"At the time, we didn't know if the show was coming back. So part of me thought, 'I dare NBC to cancel this show with the last episode ending with a gun pointing at Olivia's head,'" Leight tells TVGuide.com.
Fortunately for the show's devoted fan base, NBC renewed the drama for Season 15 in May and also signed star Mariska Hargitay to a new deal. However, when the show returns on Wednesday at 9/8c, Benson's life-threatening ordeal is far from over. "She's never been in this much danger," Leight says. "It takes her to places physically that's she never had to go and it takes her to places emotionally that she's had never had to go."
The season premiere picks up immediately where the finale left off — with Olivia at the mercy of serial rapist William Lewis (Pablo Schreiber). "At various points, he's drugging her and he's pouring alcohol down her mouth. He's torturing her psychologically and physically," Leight says. "It takes her a long while to accept the fact that this is happening to her. She bargains with him, she gets angry with him. She has to really go through a lot."
Adding to the nightmare is the anguish her squad will be struggling with when they find out what's happened to her. "Our squad is frustrated and desperately trying to get to her," Leight says. "[Every actor on the show] really either wanted to be the one to save her or they wanted to do more. I said, 'That's the problem here; I want you to play the frustration you're feeling, the anger you're feeling for me.'"
However, there was no one challenged more on set than Hargitay. "I've been on shows where the lead actor is desperate to get out of there and makes everyone aware of that, and this is the exact opposite of that experience. I kind of wanted to reward her," Leight says of his leading lady. "So I thought, 'Alright, let's push her a little bit out of her comfort zone.'"
Indeed, Hargitay rose to the occasion. "There are scenes in this episode, when you look at them, I don't recognize her. I don't recognize her voice. I don't recognize her face," he says. "It's almost as if what her character goes through and what she had to go through as an actress changed her."
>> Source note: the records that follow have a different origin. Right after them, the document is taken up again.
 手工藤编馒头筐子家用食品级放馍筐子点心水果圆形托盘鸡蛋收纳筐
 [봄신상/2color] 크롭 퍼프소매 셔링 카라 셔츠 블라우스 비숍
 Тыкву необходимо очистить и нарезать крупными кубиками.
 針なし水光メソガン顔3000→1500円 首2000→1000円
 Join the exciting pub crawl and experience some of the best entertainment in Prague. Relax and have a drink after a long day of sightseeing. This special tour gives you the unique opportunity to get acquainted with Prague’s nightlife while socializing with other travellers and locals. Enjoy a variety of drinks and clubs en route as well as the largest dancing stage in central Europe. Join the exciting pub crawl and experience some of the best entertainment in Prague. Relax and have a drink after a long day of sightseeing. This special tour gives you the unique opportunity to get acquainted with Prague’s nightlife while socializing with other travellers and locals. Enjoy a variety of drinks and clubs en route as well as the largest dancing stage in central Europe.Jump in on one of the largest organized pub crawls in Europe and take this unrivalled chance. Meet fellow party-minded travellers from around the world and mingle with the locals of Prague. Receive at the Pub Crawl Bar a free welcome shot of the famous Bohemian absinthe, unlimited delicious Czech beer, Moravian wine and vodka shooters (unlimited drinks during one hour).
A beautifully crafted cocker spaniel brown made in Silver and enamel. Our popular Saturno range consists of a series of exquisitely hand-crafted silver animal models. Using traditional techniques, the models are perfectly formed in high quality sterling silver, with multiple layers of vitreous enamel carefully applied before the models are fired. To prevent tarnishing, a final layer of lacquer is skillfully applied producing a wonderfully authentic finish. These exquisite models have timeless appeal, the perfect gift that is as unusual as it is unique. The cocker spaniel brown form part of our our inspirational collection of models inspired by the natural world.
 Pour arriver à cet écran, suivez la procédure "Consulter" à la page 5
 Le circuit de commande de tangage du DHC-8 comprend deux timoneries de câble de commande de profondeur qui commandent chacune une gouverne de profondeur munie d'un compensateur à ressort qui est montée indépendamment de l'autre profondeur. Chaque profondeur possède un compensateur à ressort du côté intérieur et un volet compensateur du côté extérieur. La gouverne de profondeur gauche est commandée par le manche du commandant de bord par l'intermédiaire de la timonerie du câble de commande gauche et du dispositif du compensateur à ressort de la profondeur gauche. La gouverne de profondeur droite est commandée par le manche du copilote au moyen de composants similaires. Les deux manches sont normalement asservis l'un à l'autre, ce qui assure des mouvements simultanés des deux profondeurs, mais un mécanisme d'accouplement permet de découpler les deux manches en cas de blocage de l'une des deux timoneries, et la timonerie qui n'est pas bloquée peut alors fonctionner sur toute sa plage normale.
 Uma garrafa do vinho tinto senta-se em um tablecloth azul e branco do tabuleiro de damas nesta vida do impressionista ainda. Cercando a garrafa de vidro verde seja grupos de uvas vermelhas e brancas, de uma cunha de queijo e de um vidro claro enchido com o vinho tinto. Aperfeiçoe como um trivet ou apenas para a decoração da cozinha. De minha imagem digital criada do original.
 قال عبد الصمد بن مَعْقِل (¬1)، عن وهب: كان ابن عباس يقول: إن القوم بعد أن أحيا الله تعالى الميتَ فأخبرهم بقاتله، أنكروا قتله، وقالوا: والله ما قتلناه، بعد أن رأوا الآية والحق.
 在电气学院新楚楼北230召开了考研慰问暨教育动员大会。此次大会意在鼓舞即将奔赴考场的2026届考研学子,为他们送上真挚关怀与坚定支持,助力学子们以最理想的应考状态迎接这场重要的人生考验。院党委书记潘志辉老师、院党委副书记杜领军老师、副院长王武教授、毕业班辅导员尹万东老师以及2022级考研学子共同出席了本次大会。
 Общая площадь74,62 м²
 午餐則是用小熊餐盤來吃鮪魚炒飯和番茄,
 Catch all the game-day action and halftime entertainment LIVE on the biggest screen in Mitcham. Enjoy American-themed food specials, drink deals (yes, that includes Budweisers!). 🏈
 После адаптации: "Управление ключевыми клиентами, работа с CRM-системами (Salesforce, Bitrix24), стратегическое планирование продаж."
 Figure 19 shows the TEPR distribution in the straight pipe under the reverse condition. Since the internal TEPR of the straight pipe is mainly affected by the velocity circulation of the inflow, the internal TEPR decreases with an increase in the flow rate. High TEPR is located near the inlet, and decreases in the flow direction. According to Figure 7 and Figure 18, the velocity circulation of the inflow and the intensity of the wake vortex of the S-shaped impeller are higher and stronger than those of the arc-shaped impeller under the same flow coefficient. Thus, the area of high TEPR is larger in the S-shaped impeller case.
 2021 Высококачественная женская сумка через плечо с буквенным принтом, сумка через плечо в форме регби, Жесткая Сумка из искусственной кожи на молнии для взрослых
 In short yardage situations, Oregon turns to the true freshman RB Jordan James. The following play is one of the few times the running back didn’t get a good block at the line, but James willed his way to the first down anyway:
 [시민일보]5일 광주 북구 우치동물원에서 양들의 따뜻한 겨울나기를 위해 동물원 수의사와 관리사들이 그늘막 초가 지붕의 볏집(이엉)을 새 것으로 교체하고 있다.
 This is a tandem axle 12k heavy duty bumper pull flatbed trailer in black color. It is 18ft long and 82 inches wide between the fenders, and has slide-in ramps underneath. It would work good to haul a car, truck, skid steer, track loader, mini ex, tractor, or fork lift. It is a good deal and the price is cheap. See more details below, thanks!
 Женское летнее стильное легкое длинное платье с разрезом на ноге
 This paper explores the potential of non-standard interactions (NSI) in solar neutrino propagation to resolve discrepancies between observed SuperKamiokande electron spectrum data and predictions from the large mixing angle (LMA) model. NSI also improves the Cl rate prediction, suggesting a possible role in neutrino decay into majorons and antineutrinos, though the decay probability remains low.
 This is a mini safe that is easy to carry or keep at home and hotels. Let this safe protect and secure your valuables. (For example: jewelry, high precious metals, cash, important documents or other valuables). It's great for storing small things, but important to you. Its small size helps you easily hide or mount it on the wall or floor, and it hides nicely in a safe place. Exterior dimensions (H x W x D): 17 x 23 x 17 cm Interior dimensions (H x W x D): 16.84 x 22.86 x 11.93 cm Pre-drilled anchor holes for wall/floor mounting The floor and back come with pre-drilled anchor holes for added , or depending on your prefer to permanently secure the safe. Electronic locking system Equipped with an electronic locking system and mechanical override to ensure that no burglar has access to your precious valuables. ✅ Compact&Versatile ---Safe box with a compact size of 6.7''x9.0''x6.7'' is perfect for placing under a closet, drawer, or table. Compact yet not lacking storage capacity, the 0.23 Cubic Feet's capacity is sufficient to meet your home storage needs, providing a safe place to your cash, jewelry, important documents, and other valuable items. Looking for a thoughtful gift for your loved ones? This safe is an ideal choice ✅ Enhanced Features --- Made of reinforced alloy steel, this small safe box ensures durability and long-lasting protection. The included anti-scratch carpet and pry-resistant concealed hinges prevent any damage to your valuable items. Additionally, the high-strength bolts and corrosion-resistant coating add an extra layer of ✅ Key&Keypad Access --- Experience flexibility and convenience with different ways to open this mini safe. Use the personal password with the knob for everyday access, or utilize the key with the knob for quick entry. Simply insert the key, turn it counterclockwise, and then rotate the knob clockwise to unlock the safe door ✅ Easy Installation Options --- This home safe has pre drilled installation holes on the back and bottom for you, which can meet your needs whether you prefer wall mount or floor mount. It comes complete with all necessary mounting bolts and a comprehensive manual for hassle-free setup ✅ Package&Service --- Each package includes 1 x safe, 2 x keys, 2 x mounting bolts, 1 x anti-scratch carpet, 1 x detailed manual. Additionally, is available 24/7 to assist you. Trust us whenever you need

Although Olivia was nearly attacked and raped in Season 9 when she went undercover in a jail cell, Leight says it was important to go one step further this time around and really pull the trigger, figuratively speaking at least. "I don't think Olivia's character can ever be the same after this. And that's what we'll be playing for the rest of the season is watching her process this," he says. The road to recovery is a "path that she's watched 100 people go on over the last 15 years, so I think for an audience to see her on that path I think will be very moving and cathartic and engaging."
But can she help others if she can't even help herself? That will be a major question going forward. "There will be moments of frustration, there will be moments of people looking at each other and thinking she shouldn't be doing this job anymore," Leight says. In part two of the premiere, "she makes a couple of horrible mistakes early on, and [Captain Cragen] is sitting there and he's pulling for her, but there's a question as to whether this is too soon."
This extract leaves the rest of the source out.